In a great sensible house, the explosion of low-cost WiFi and Bluetooth chips has allowed tons of of small wi-fi gadgets to manage the switches, lights, and all the pieces else required for a “sensible house” at a comparatively low worth. However what should you don’t need tons of of internet-connected gadgets in your house polluting the wi-fi spectrum and permitting potential safety holes into your community? For those who’re like [Lucas Teske], you may attain for one thing wired and use cheap and (currently) available Raspberry Pi Picos to create PicoHome.
The distinctive twist of PicoHome is that it makes use of a CAN bus for communication. One among [Lucas’] targets was to make the boards simply swappable when {hardware} failed. This meant board-to-board communication and protocols like I2C had been prone to noise (each time a relay triggered, the bus would lock up briefly). The CAN bus is designed to work in an electrically noisy surroundings.

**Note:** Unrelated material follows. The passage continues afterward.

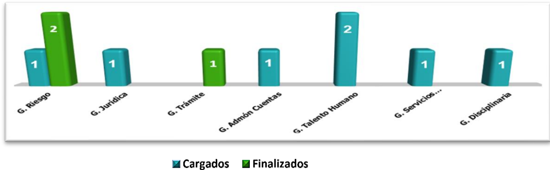
Figura 1. PMP cargados o nuevos y finalizados del 29 de julio al 31 de octubre 2022 Octubre 31 2022

3.1. La OFCIN ha cargado 7 PMP y ha finalizado 2 en la herramienta SVE – módulo planes, de forma pertinente y oportuna, alineado con el objetivo estratégico “Promover la innovación y transformación digital en la prestación del servicio y la mejora continua de los procesos”; la cual brinda mayor agilidad, eficiencia y eficacia para los procesos como en el seguimiento por parte de la OFCIN, acortando tiempos de respuesta y contribuyendo significativamente con la política de cero papel, asimismo con la sostenibilidad ambiental.

There are two elements to the system: pico-relay and pico-input. The primary connects to a 16 relay board and may management 16 totally different 24v relays. The second has 16 optoisolators to learn from 12v-24v switches and numerous buttons all through the home. These may be positioned in a large metallic field in a central wiring location and never fear about it.
The firmware and board files are all launched below an Apache 2.0 license, however the CAN2040 library this undertaking depends on is below GPL. We lined the CAN2040 library when it was first launched, and it’s pretty to see it getting used for one thing totally surprising.